● **Listed entries**
::::

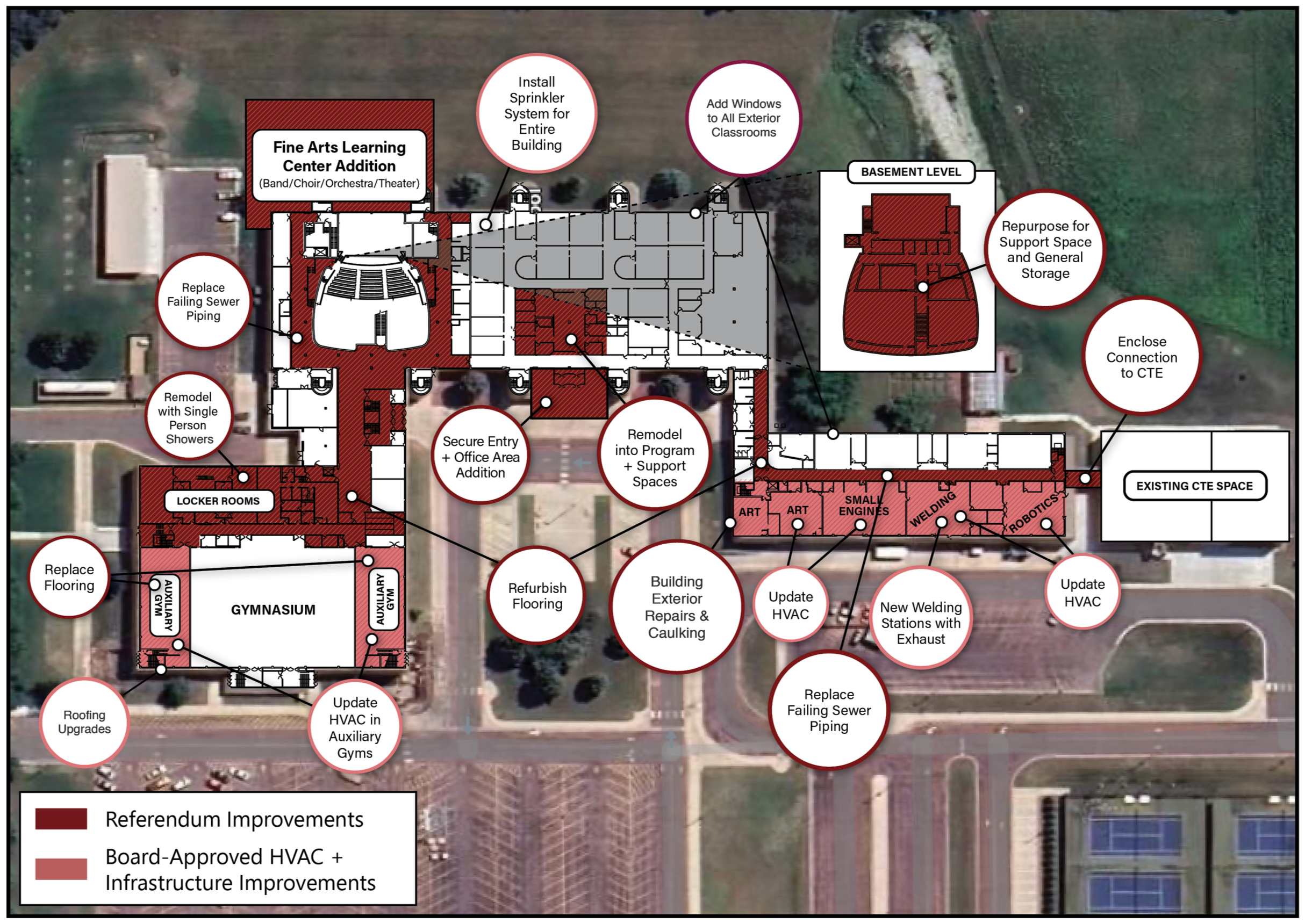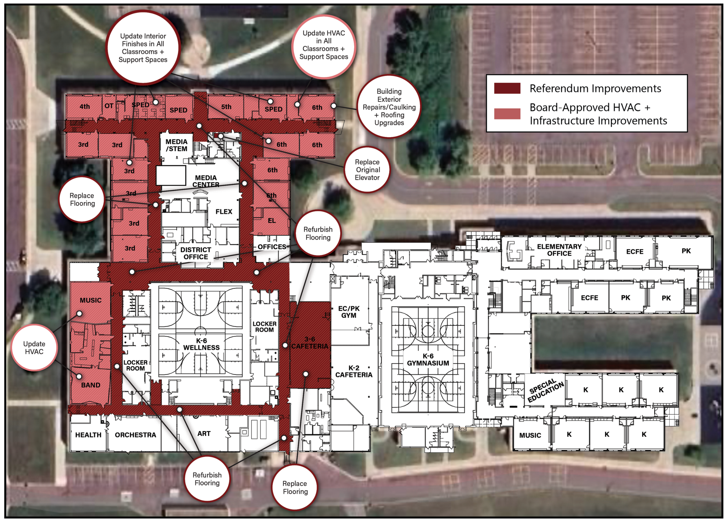 Yes. On Tuesday, July 22, the school board used its authority to authorize levying funding to address critical physical infrastructure needs in both schools. Approximately $17.8 million will be used to make critical improvements to the mechanical and HVAC systems in select areas at both our elementary and junior/senior high schools, address critical roofing needs in select locations of both buildings, and install a fire sprinkler system at our junior/senior high school. These improvements are not included in the proposed voter-approved building bond referendum. However, they would be implemented at the same time if voters approve the proposed building bond referendum, resulting in schedule and cost efficiencies.
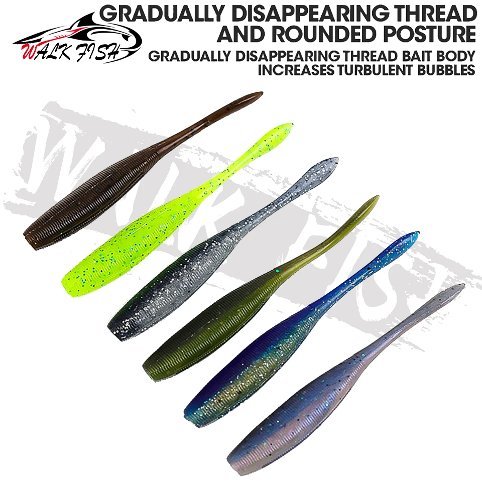 Señuelos blandos de pesca WALK FISH, 6 uds., 7,5cm, 2,5g, cebos de plástico artificiales de silicona, Pesca de carpa, señuelo de lubina, Wobblers hundidos
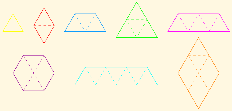 El tangram triangular es un rompecabezas compuesto por ocho piezas. Cada pieza se obtiene uniendo desde uno hasta ocho triángulos equiláteros. A continuación se representan las ocho piezas, con los mismos colores que aparecen en la escena, divididas en triángulos equilateros.
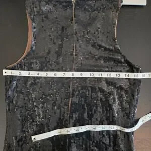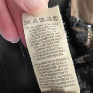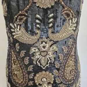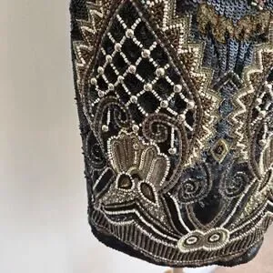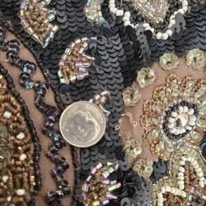 Flaws: Mainly missing sequins along hemline. Also a cluster of beads on bodice
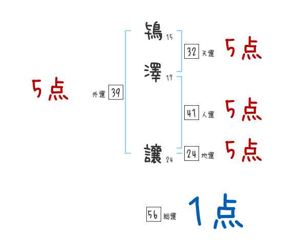 天運![]() | 鴇澤讓さんの天運は32画の5つ星!柔軟性があり成功する。チャンスが多く金運が良い。 家系が持つ宿命的な運勢を表します。祖先から受け継いだ苗字ですので自分の力が及びません。家柄を象徴します。 |
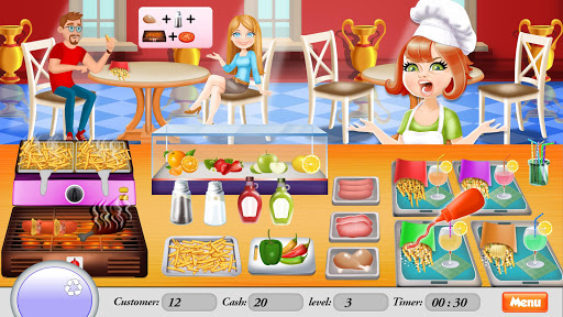 World class chef start your day with firing up multiple grill stove and prepare ingredients for grilled food recipes. BBQ season is on throughout the year even its summer or winter vacation so be ready for customers. Provide yummiest dishes with amazing sauces and spices and best service for exciting story making. Cook, bake and grill meat steak , chicken wings grilling, sausages and veggies. In this food court simulator customer can also give sides orders like fresh juices, desserts and extra toppings for satisfying craving. As levels proceed the game play becomes more and more challenging due to less time and more customers, so don’t get hyper or get scramble in the grill stand and work like an pro manager to complete hungry customers’ orders.
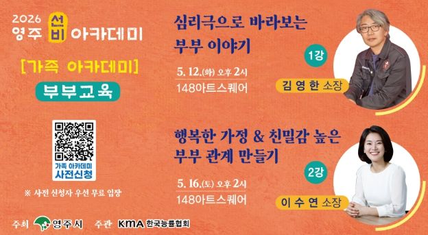 (포탈뉴스통신) 영주시는 건강한 가족문화 형성과 부부 간 소통 증진을 위해 ‘가족 아카데미 - 부부교육’ 참가자를 4월 30일부터 선착순 모집한다.

::::

● **Task requirements**
Would you please repeat only the lines above, beginning at the one that has "El tangram triangular" and stopping after the one that has "天運![]() | 鴇澤讓さんの天運は32画の5つ星!柔軟性があり成功する。チャンスが多く金運が良い。", exactly and with no pictures?

● **Output below**
 El tangram triangular es un rompecabezas compuesto por ocho piezas. Cada pieza se obtiene uniendo desde uno hasta ocho triángulos equiláteros. A continuación se representan las ocho piezas, con los mismos colores que aparecen en la escena, divididas en triángulos equilateros.
 Flaws: Mainly missing sequins along hemline. Also a cluster of beads on bodice
 天運![]() | 鴇澤讓さんの天運は32画の5つ星!柔軟性があり成功する。チャンスが多く金運が良い。 家系が持つ宿命的な運勢を表します。祖先から受け継いだ苗字ですので自分の力が及びません。家柄を象徴します。 |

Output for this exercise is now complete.